Another person said filters were OK “but using MS paint I don’t think is allowed”.
The agent selling the property, Sam Swami, said the grass at the property was “very dry” so he decided to fix it.
He expected anyone buying the house would come look at it.
“We photoshopped it to make it look good and they can see what’s there,” he said.
He said most people would be more interested in the land than the house or garden.
The house, on 725 square metres, is for sale for between $340,000 and $350,000.
It last sold a year ago for $183,000.
It also sold for a similar amount in 2010.
Enhancements to real estate photos common
South Australia’s Land and Business (Sale and Conveyancing) Act states that real estate agents cannot use “a false or misleading representation for the purpose of inducing another person to sell or purchase land or a business”.
The maximum penalty is a $20,000 fine or one year in jail.
“It is not necessary for the prosecution to establish that the defendant knew the representation to be false or misleading, but it is a defence for the defendant to prove that he or she had reasonable ground to believe, and did believe, the representation to be true,” the law states.

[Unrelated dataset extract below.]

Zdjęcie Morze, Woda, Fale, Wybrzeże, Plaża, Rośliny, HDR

Real Estate Institute of South Australia chief executive Cain Cooke said he had contacted the agent.
The photos in the advertisement have now been edited to crop out the grass.

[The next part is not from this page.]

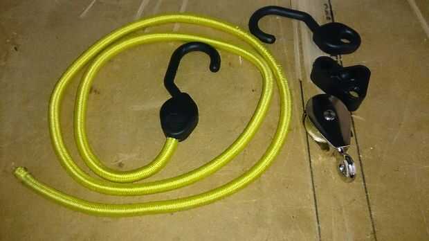 Las cuerdas del amortiguador auxiliar utilizadas en este ejemplo son resistentes. Deber de regular puede usarse para un lanzador menos poderoso. Estos cables tenían un gancho fijo y un gancho ajustable. Un amortiguador auxiliar con dos ganchos puede ser sustituido sin problemas.

“While it is a property professionals’ role to present a property in its best light to the market, REISA considers that any manipulation that misrepresents the property in anyway could be seen as false and misleading advertising,” Mr Cooke said.
Adelaide real estate photographer Thomas McNally said it was common for agents to ask for touch-ups such as removing oil stains from driveways or cracks from walls, but some had also asked him to remove stobie poles and water towers from images.
“Some agents are pretty ridiculous what they ask, but when people go to the property, they can see what it’s like,” Mr McNally said.
Virtual furniture could also make it easier for people to visualise how a house would look with their furniture in it, especially for new homes, he said.
He speculated that the Elizabeth Downs home with unusually green grass may have been done deliberately to gain publicity.
“It’s so bad that someone’s done that on purpose as a joke,” he said.
Last month, a North Adelaide apartment with a toilet in the living room raised questions about what was legal when it came to rental property standards.
The apartment was listed for rent between $400 and $420.